Quand bien même un jeu vidéo ne serait plus commercialisé, il demeure la propriété de son studio de développement, pour la durée de protection des droits de propriété intellectuelle. Toutefois, la reconstitution des consoles et/ou anciens jeux implique souvent pour les développeurs d’avoir eu accès aux Bios ou lignes de codes, protégés par des mesures techniques de protection.
Valable pour les jeux anciens comme modernes, le fait de contourner ces mesures pour générer des Roms ou Emulateurs peuvent constituer une adaptation non autorisée du logiciel et passibles de poursuites civiles et pénales.
Un exemple récent a opposé Nintendo et l’émulateur Yuzu, qui permettait de jouer à des jeux de la console Switch sur d’autres appareils. Le conflit s’est terminé par un accord transactionnel impliquant le paiement par Yuzu d’une somme de 2,4 millions de dollars à Nintendo, l’arrêt de la diffusion de ses logiciels et céder à Nintendo le nom de domaine associé à son service.

La sélection culturelle des spécialistes du jeu vidéo
Se prêtant avec joie à l’exercice de l’émission, le cabinet a mis en avant trois contenus culturels :
Calvin & Hobbes, comic strip culte créée par Bill Watterson, est une œuvre culte grâce à son mélange unique d’humour, de poésie et de réflexion. Les aventures de Calvin, un enfant à l’imagination débordante, et de Hobbes, son tigre en peluche qui prend vie à ses yeux, offrent des dialogues vifs et des situations à la fois drôles et profondes.

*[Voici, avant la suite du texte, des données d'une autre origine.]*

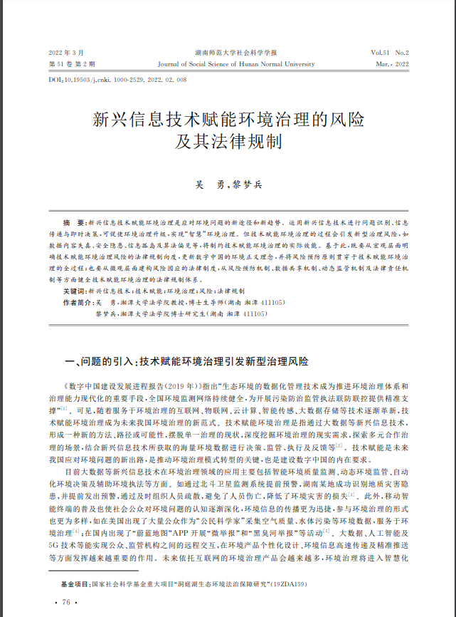 我院吴勇教授和研究生黎梦兵合著论文《新兴信息技术赋能环境治理的风险及其法律规制》刊发于

Legion, série de science-fiction américaine créé par Noah Hawley oscillant entre thriller, drame et expérimentation artistique s’est démarquée par une créativité et esthétique visuelle impressionnante. Il constitue en ce sens une pièce unique et à part dans l’univers saturé des adaptations cinématographique du Marvel Univers, dont il fait techniquement partie.
London Grammar, The Greatest Love. La voix pure et mémorable d’Hannah Reid posée sur des arrangements souvent expérimentaux très appréciables pour travailler au calme. Pour les amateurs de textes plus denses, Hugo TSR & son Coma Artificiel.